=== EXERCISE BRIEF ===
Write out again only the lines that run from the start of the entries to the line containing "Thông tin tóm", both included.

Source records:
———

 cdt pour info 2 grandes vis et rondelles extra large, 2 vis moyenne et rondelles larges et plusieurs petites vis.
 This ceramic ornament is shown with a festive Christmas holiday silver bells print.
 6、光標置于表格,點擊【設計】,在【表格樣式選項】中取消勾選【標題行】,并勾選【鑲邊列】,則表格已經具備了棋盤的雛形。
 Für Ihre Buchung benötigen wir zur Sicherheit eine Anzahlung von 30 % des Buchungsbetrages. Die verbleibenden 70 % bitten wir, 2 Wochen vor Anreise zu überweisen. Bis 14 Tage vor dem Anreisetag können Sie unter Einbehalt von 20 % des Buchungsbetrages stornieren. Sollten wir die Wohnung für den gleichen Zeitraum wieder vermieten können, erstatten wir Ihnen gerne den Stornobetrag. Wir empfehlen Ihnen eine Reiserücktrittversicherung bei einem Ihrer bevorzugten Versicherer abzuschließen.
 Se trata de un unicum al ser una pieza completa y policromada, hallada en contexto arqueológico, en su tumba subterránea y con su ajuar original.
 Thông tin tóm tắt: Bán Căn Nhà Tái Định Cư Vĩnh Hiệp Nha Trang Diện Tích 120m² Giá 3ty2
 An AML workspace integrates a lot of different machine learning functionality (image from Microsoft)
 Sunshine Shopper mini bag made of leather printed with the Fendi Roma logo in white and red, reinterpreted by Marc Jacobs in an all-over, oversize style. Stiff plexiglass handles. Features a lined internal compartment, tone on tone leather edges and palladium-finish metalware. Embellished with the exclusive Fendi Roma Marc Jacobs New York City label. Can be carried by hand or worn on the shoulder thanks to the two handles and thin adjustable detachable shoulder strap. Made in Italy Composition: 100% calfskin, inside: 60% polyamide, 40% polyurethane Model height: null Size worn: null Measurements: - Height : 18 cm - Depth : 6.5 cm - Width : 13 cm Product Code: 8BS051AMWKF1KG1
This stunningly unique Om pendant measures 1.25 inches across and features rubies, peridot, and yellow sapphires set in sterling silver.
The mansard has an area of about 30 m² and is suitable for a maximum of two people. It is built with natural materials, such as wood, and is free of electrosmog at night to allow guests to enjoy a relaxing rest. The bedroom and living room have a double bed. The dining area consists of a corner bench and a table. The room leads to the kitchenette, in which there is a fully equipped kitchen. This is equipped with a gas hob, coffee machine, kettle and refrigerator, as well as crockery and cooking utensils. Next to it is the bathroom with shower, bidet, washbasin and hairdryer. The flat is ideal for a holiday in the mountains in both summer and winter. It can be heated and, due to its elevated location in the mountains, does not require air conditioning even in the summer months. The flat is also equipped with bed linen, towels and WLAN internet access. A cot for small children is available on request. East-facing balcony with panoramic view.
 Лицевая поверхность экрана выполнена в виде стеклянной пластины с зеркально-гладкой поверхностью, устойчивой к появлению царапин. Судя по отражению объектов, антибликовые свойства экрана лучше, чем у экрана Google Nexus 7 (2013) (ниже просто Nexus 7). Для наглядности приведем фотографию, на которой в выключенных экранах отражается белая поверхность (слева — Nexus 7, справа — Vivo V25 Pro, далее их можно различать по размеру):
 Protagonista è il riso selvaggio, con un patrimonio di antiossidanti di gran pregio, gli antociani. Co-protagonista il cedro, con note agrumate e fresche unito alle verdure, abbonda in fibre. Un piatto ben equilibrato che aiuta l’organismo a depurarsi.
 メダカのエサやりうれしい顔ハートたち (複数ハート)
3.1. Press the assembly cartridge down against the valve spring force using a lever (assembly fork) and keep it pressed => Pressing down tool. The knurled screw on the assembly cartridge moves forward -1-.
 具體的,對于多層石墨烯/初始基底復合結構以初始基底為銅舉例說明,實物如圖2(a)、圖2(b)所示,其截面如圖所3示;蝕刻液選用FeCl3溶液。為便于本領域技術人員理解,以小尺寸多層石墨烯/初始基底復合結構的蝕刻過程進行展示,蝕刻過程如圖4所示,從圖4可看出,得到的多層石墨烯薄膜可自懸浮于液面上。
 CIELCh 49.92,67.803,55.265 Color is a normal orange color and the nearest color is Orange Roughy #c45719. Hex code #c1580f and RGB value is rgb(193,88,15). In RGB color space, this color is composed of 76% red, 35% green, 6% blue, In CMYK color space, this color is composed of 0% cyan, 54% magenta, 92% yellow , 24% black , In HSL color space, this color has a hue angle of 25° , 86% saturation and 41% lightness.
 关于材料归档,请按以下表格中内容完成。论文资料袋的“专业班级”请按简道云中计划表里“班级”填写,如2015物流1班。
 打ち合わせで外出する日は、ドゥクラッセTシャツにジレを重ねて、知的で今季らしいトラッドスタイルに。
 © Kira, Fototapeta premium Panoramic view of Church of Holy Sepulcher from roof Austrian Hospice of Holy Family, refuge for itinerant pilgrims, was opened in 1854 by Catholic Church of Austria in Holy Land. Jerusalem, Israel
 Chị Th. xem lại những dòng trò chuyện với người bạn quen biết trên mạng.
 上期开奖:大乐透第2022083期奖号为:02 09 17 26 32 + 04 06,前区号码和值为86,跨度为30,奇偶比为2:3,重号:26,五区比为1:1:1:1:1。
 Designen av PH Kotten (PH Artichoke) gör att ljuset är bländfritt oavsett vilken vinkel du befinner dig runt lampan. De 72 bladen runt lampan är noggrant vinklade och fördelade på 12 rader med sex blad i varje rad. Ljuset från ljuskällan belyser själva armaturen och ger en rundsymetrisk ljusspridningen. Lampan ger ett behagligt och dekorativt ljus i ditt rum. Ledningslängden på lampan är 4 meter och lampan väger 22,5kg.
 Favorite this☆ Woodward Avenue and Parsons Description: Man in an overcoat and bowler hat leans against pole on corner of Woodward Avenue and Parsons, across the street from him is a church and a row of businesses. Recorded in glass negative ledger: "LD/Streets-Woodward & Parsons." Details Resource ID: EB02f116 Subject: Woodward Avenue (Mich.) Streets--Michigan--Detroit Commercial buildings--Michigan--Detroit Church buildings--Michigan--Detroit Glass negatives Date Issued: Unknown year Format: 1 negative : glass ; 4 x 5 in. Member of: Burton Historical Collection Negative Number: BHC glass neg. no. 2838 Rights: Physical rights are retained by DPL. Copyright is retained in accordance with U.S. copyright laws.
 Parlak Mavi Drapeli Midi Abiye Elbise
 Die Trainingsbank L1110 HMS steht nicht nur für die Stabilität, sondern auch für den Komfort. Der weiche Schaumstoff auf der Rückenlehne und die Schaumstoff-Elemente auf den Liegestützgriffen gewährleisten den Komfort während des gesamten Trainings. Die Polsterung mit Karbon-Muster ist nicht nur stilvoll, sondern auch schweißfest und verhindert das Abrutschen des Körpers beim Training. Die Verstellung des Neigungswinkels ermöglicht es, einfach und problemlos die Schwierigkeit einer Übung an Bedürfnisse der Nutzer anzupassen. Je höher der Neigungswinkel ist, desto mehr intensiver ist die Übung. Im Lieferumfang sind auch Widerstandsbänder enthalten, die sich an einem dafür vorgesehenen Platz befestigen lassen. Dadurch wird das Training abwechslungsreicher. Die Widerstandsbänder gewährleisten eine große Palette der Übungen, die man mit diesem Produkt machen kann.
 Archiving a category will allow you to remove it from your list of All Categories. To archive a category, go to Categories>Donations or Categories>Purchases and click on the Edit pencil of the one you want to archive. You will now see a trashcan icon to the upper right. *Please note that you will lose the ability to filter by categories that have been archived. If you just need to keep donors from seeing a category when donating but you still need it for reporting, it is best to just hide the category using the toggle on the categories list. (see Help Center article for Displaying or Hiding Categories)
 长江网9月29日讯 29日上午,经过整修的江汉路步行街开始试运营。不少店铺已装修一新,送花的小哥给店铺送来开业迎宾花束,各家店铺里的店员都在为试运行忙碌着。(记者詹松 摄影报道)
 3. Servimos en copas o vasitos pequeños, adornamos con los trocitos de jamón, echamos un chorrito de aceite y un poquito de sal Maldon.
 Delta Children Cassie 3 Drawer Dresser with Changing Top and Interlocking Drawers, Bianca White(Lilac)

———

=== OUTPUT FOR THIS TASK ===
 cdt pour info 2 grandes vis et rondelles extra large, 2 vis moyenne et rondelles larges et plusieurs petites vis.
 This ceramic ornament is shown with a festive Christmas holiday silver bells print.
 6、光標置于表格,點擊【設計】,在【表格樣式選項】中取消勾選【標題行】,并勾選【鑲邊列】,則表格已經具備了棋盤的雛形。
 Für Ihre Buchung benötigen wir zur Sicherheit eine Anzahlung von 30 % des Buchungsbetrages. Die verbleibenden 70 % bitten wir, 2 Wochen vor Anreise zu überweisen. Bis 14 Tage vor dem Anreisetag können Sie unter Einbehalt von 20 % des Buchungsbetrages stornieren. Sollten wir die Wohnung für den gleichen Zeitraum wieder vermieten können, erstatten wir Ihnen gerne den Stornobetrag. Wir empfehlen Ihnen eine Reiserücktrittversicherung bei einem Ihrer bevorzugten Versicherer abzuschließen.
 Se trata de un unicum al ser una pieza completa y policromada, hallada en contexto arqueológico, en su tumba subterránea y con su ajuar original.
 Thông tin tóm tắt: Bán Căn Nhà Tái Định Cư Vĩnh Hiệp Nha Trang Diện Tích 120m² Giá 3ty2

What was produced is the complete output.